Sunday , April 14 2024
Home / Daerah / ROKAN HILIR / Gelper Ditutup, Puluhan Karyawan Datangi Mapolsek Bangko

Gelper Ditutup, Puluhan Karyawan Datangi Mapolsek Bangko

ROHIL, BerkasRiau – Puluhan karyawan Gelanggang Permainan (Gelper) yang ada di Bagansiapiapi, Kabupaten Rokan Hilir, Riau datangi Mapolsek Bangko, Senin (14/8/17) siang. Kedatangan mereka untuk mempertanyakan kepada pihak kepolisian mengapa Gelper ditutup.

Salah satu karyawan gelper, inisial Yen menyebutkan akibat penutupan tempat kerja mereka tersebut hingga kemarin para karyawan belum menerima upah/gaji.

“Kami tak ada kerja lain bang, jadi kami berharap betul agar Gelper itu dibuka kembali. Masalah gaji bang, sampai sekarang belum dibayar. Itu imbas dari ditutupnya tempat itu,” kata dia.

Kapolsek Bangko, Kompol Agung Triadi, Sik mengatakan pihaknya tidak berkompenten terkait izin usaha. Namun, sejauh ini pihaknya mengaku kebijakan menutup tempat tersebut bukan dari pihak kepolisian.

“Kedatangan mereka hanya mempertanyakan, kenapa Polsek Bangko menutup tempat permainan itu. Perlu diketahui bahwa ditutupnya game bukan dari kami, Melainkan dari Pemda,” terang Kapolsek

Tambahnya, usaha tempat hiburan keluarga yang kerap disebut game itu sudah mendapat surat peringatan dari pihak pemerintah setempat. Pasalnya, sering diisukan menyalahi aturan terkait hal itu, pihak Polsek Bangko belum menemukan indikasi judi pada tempat permainan game seperti yang disebut-sebut.

Sealin itu, Wandi salah satu pengurus tempat usaha gelper di Bagansiapiapi, dirinya menyebutkan pihaknya selama ini menjalankan usaha sesuai prosedur. Artinya mereka telah bayar pajak pada dinas pendapatan.

“Kami dah bayar pajak, pajak bulanan dan tahunan, ini kan sudah berjalan lama, sudah tahunan. Di tempat lain masih buka kenapa di tempat kami disuruh tutup,” kata Wandi.

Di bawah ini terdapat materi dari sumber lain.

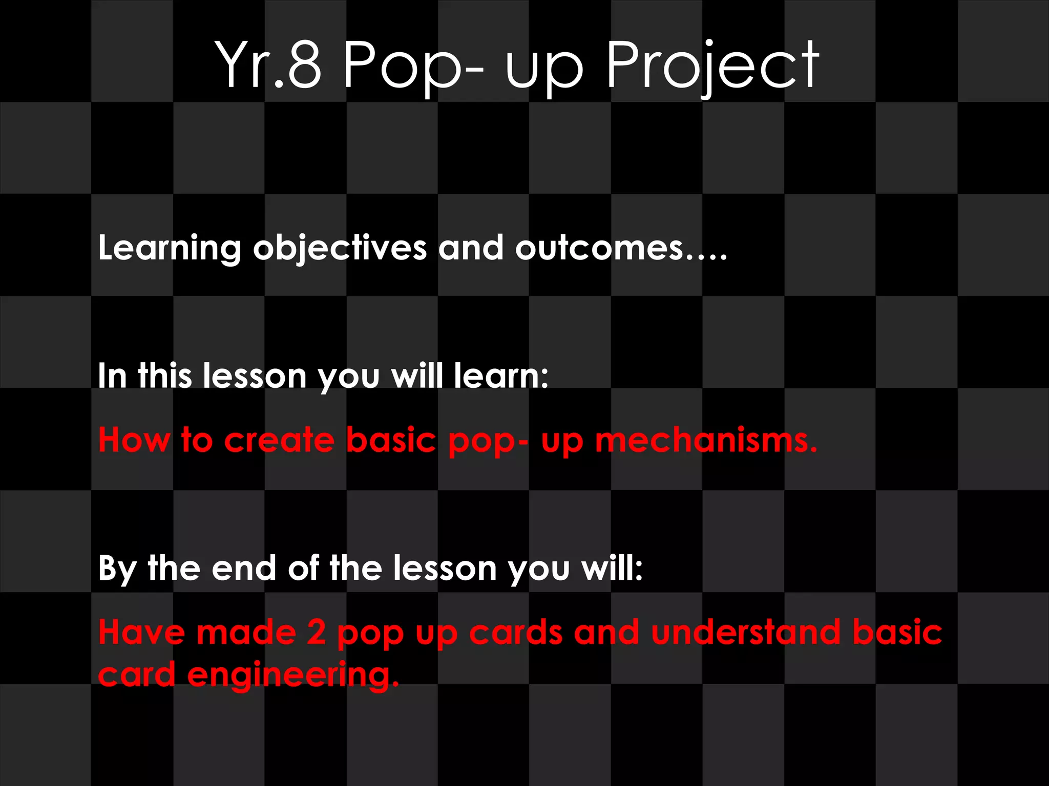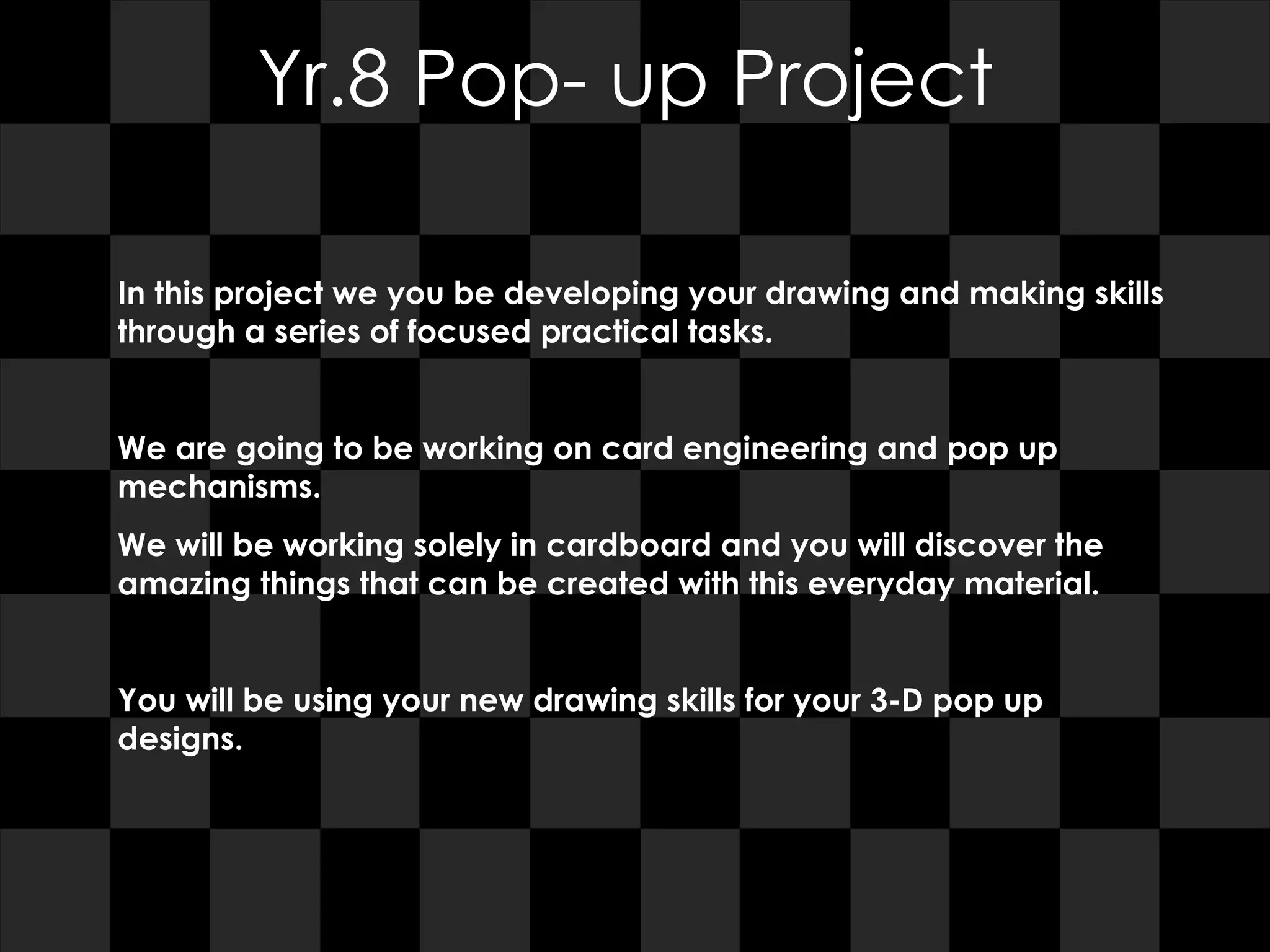 The document provides instructions for a Year 8 project on developing pop-up card and drawing skills using cardboard. Students will learn how to create basic pop-up mechanisms using techniques like V-folds. They will make two pop-up cards and understand card engineering basics. The project aims to help students learn pop-up design through practical tasks focused on drawing and constructing pop-ups solely with cardboard.

Wandi juga menyatakan sikap heran kepada pihak pemerintah, bahwa tak pernah mereka para pengusaha diundang duduk bersama untuk memberikan informasi terkait seakan tak ada solusi untuk jalan baik ke depan.

“Harapan kita pihak pemda ajak kami duduk bersama cari jalan keluar. Kalau ini ditutup tentunya banyak yang dirugikan terutama karyawan yang betul-betul bergantung hidup,” tandasnya. (ton).